DATA FOR REVIEW:
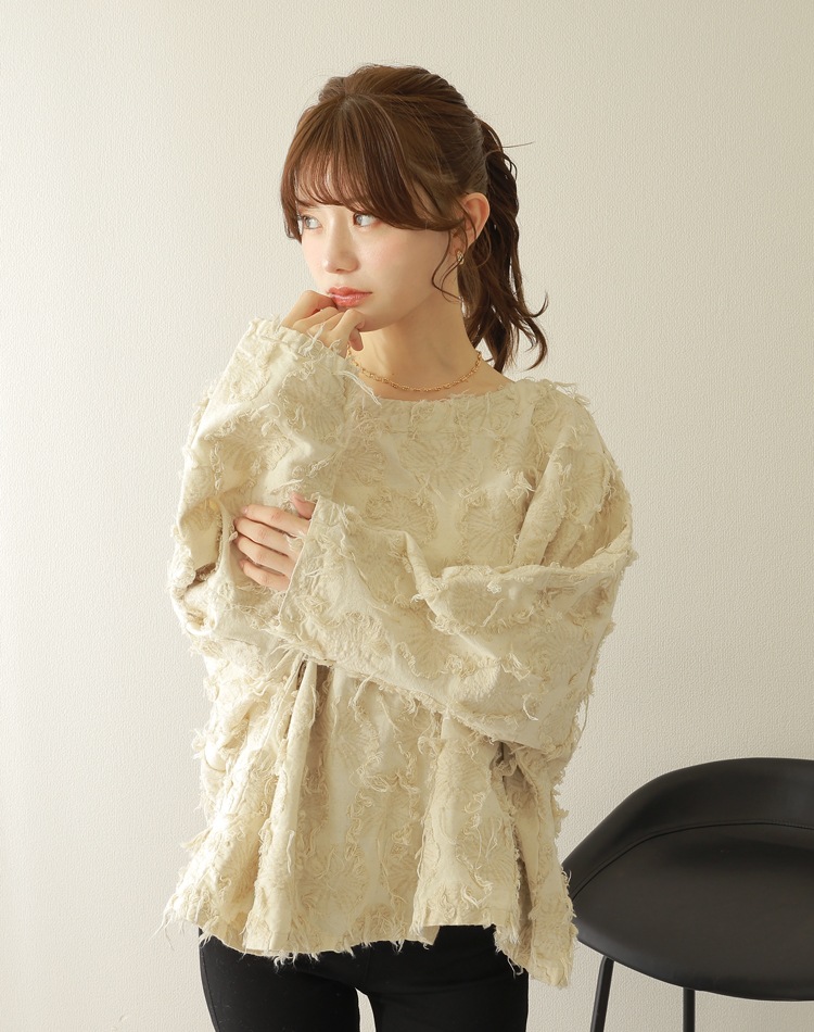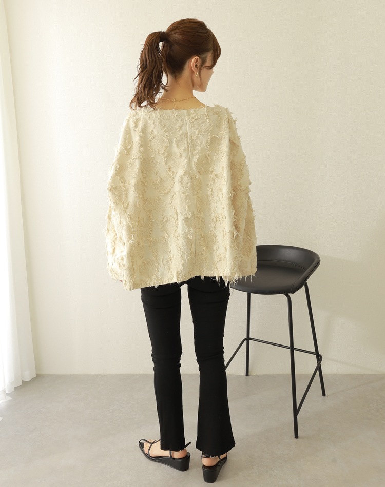 オーバーサイズのシルエットはドルマンスリーブとの組み合わせで、よりリラックスした表情に。
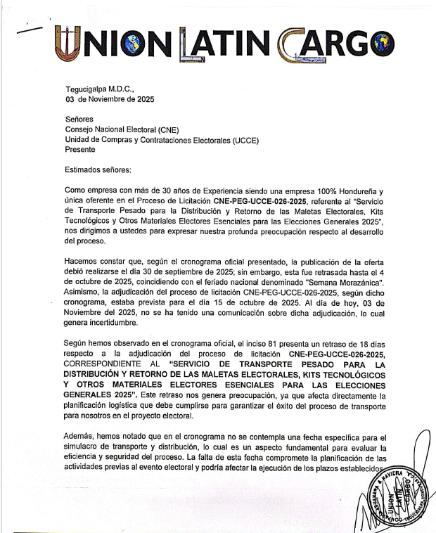 La compañía hondureña remitió una carta formal al CNE y a la Unidad de Compras y Contrataciones Especiales notificando su decisión, lo que deja sin proveedor al servicio clave de distribución y retorno de maletas electorales, kits tecnológicos y demás materiales esenciales para la jornada del 30 de noviembre.
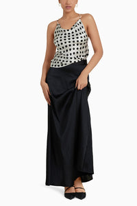 Featuring Astoria Polka Top with Chelsea Black Skirt by Malie. This co-ord set includes a white black polka top with Black Satin Skirt. The top has a cowl neckline with round straps that tie at the back. It also includes a side zipper for a comfortable fit and is made from classic polka-dot satin fabric. Paired with the black satin skirt which has a flowy, A-line silhouette with a side zip for a perfect fit at the waist. Falling to a full length, it exudes elegance and luxury with its satin fabric construction.
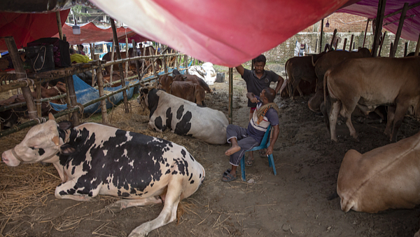 2 जून को ईद-उल-अज़हा के अवसर पर बांग्लादेश की राजधानी ढाका में एक अस्थायी पशु बाजार में मवेशियों की तलाश में युवा ग्राहक।
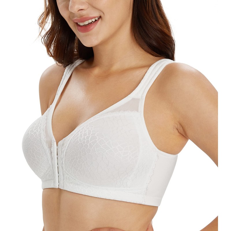 Lemorosy Women's Comfort Strong Hold Front Closure Back Support Unpadded Without Underwire Classic Bra, White, 85C
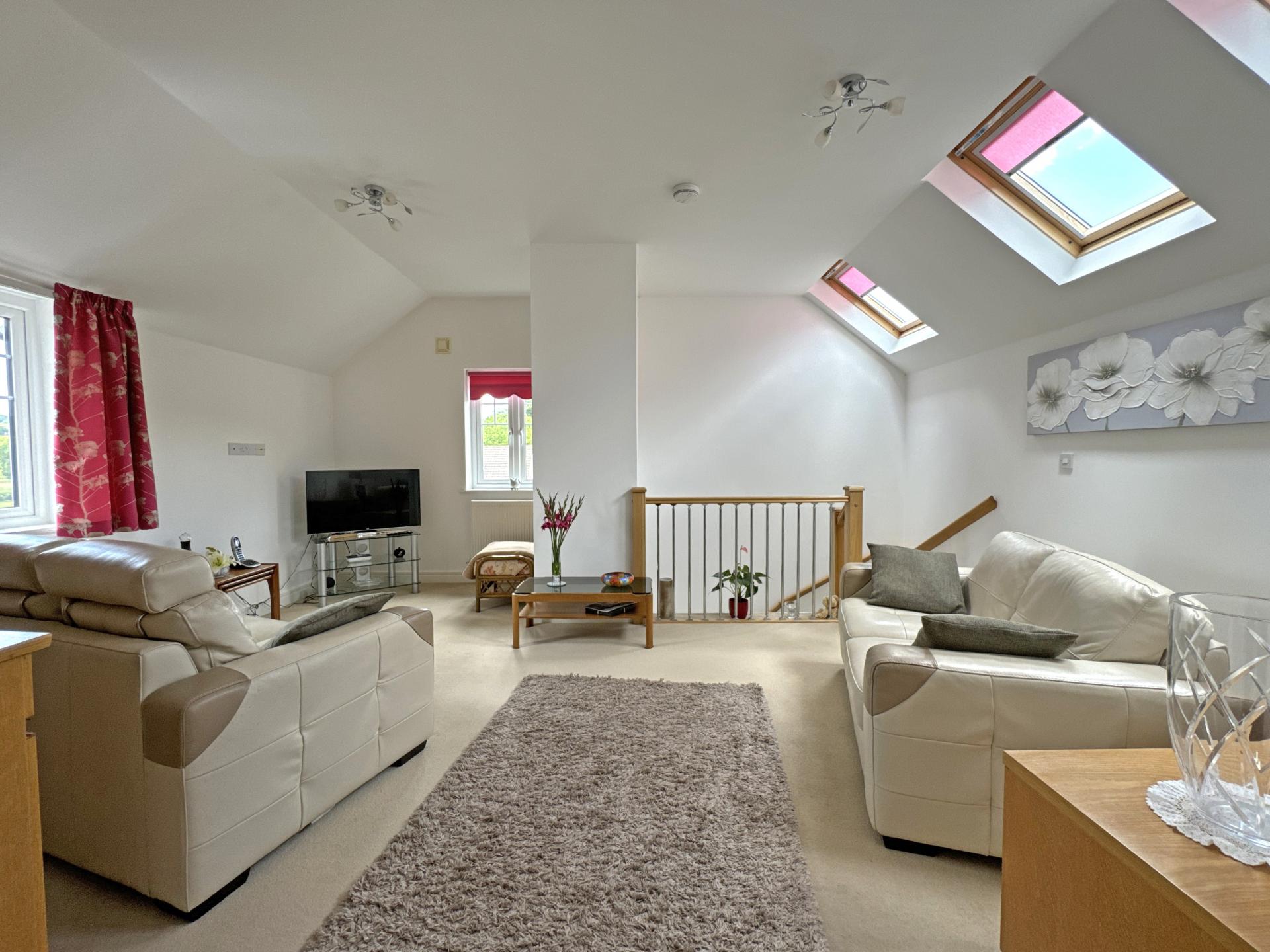 Presented in good order throughout, with double glazing and electric central heating is this two bedroom coach house flat. Once inside the entrance hallway has a connecting door to the garage which has a storage cupboard beneath the stairs. An open plan sitting/dining room has a vaulted ceiling and triple aspect windows to include three Velux’s. The room enjoys beautiful views over The Byes and River Sid, across The Sid Valley, looking in a westerly direction. A separate kitchen is fitted with a range of modern units to include a built-in electric hob, oven, grill and washing machine and with space for a fridge
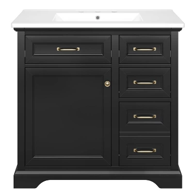 This bathroom vanity combines contemporary design with practical functionality. Crafted from durable materials, it features a smooth, water-resistant ceramic sink. The sleek, modern design includes spacious drawers, providing ample storage for toiletries, towels, and other bathroom essentials, helping keep your space organized and tidy. The cabinet features adjustable shelving, offering flexibility for your storage needs. With a soft-closing mechanism, the drawers and doors operate smoothly and quietly. This vanity enhances any bathroom with its clean lines and contemporary aesthetic, combining style with everyday convenience.

AIM OF THE TASK:
Set the whole listing down again unchanged, apart from the pictures, which are omitted.

WORKED SOLUTION:
 オーバーサイズのシルエットはドルマンスリーブとの組み合わせで、よりリラックスした表情に。
 La compañía hondureña remitió una carta formal al CNE y a la Unidad de Compras y Contrataciones Especiales notificando su decisión, lo que deja sin proveedor al servicio clave de distribución y retorno de maletas electorales, kits tecnológicos y demás materiales esenciales para la jornada del 30 de noviembre.
 Featuring Astoria Polka Top with Chelsea Black Skirt by Malie. This co-ord set includes a white black polka top with Black Satin Skirt. The top has a cowl neckline with round straps that tie at the back. It also includes a side zipper for a comfortable fit and is made from classic polka-dot satin fabric. Paired with the black satin skirt which has a flowy, A-line silhouette with a side zip for a perfect fit at the waist. Falling to a full length, it exudes elegance and luxury with its satin fabric construction.
 2 जून को ईद-उल-अज़हा के अवसर पर बांग्लादेश की राजधानी ढाका में एक अस्थायी पशु बाजार में मवेशियों की तलाश में युवा ग्राहक।
 Lemorosy Women's Comfort Strong Hold Front Closure Back Support Unpadded Without Underwire Classic Bra, White, 85C
 Presented in good order throughout, with double glazing and electric central heating is this two bedroom coach house flat. Once inside the entrance hallway has a connecting door to the garage which has a storage cupboard beneath the stairs. An open plan sitting/dining room has a vaulted ceiling and triple aspect windows to include three Velux’s. The room enjoys beautiful views over The Byes and River Sid, across The Sid Valley, looking in a westerly direction. A separate kitchen is fitted with a range of modern units to include a built-in electric hob, oven, grill and washing machine and with space for a fridge
 This bathroom vanity combines contemporary design with practical functionality. Crafted from durable materials, it features a smooth, water-resistant ceramic sink. The sleek, modern design includes spacious drawers, providing ample storage for toiletries, towels, and other bathroom essentials, helping keep your space organized and tidy. The cabinet features adjustable shelving, offering flexibility for your storage needs. With a soft-closing mechanism, the drawers and doors operate smoothly and quietly. This vanity enhances any bathroom with its clean lines and contemporary aesthetic, combining style with everyday convenience.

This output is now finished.